With the Canthira Tree stars on the horizon, Imais had taken a spray of leaves from the earthly tree and put them in a jar with one of those deadly creatures, a scorpion, as well as a little mouse captured in the kitchen. As long as the mouse clung to the leaves in the top half of the jar, it could stay out of reach of the scorpion’s sting.
She had been looking for an omen, as she had done the time before, when she’d trapped a spray of vizail blossoms with the jar’s lid. That time the mouse had lived. Hosh didn’t understand why but Imais had said that the portent promised good fortune for him.

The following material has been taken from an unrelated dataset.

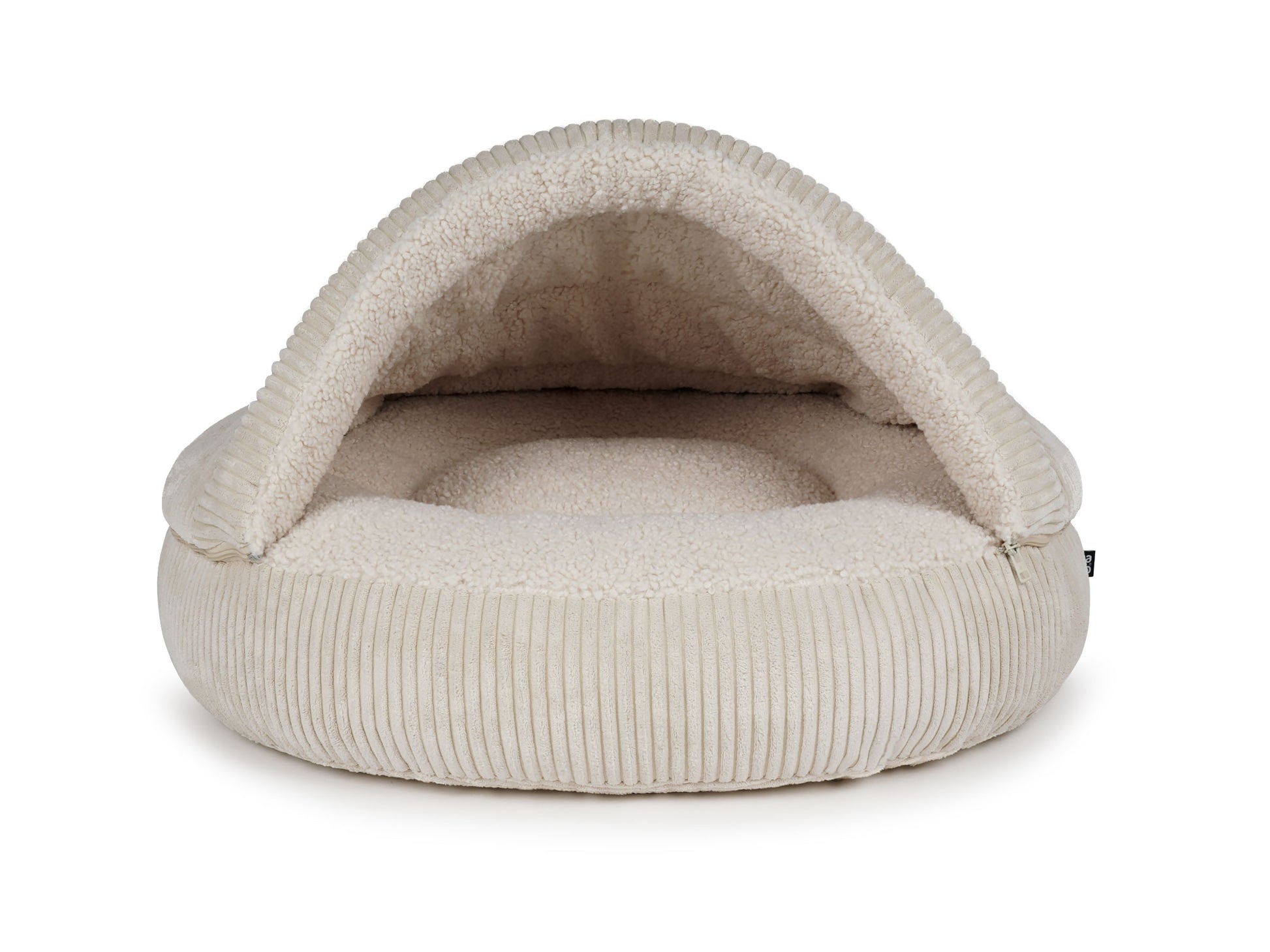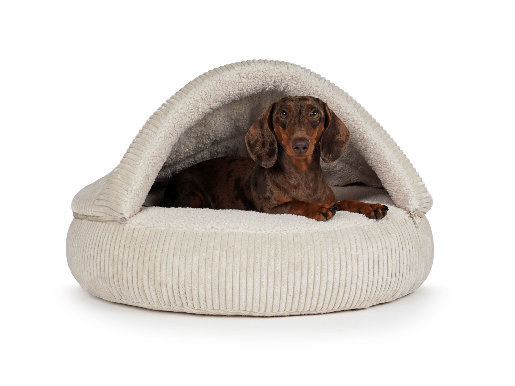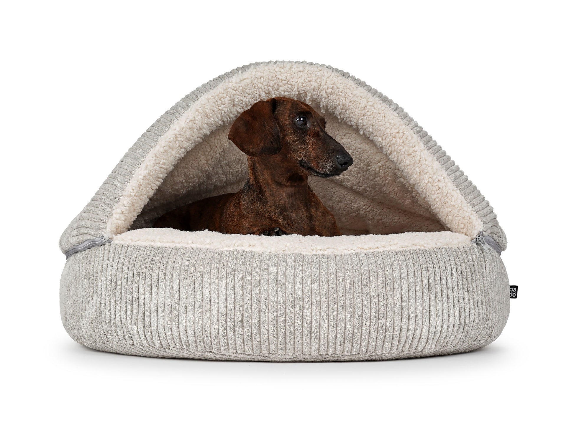 Hundehöhle aus schönem Cord-Stoff mit abnehmbarem Dach. Gemütlichkeit in jeder Ecke.

He didn’t want to know what she thought this second result of her cruelty might mean. He spoke before she could tell him.
‘The wizard, he wants to speak to someone. I need to find Nifai.’
‘His taint kills all.’ Imais spat on the ground.
Hosh knew from that gesture that she was talking about the wizard, not the overseer. Did she blame Anskal’s presence for whatever had gone wrong with her carefully prepared jar?
Hosh could think of any number of reasons why the mouse had died. Terror alone could have killed the poor little beast, trapped in a cloth-covered jar with a scorpion scuttling around the bottom.
‘I need to find Nifai,’ he repeated. ‘The wizard says he will let you go—there are terms,’ he added hastily as he saw desperate hope dawn in Imais’s dark eyes. ‘A bargain to be made.’ Surely the Aldabreshi would understand that?
Imais stared at him for a long moment. ‘Have you seen Grewa?’
The rain rattled the leaves all around them.
Hosh blinked water out of his eyes. ‘Grewa?’
The blind corsair who had previously ruled this nest of thieves? Surely the only question was whether he had been inside that pavilion, shattered when Anskal struck, or had he burned alive along with his crew and hapless oar slaves when magical fire consumed his trireme.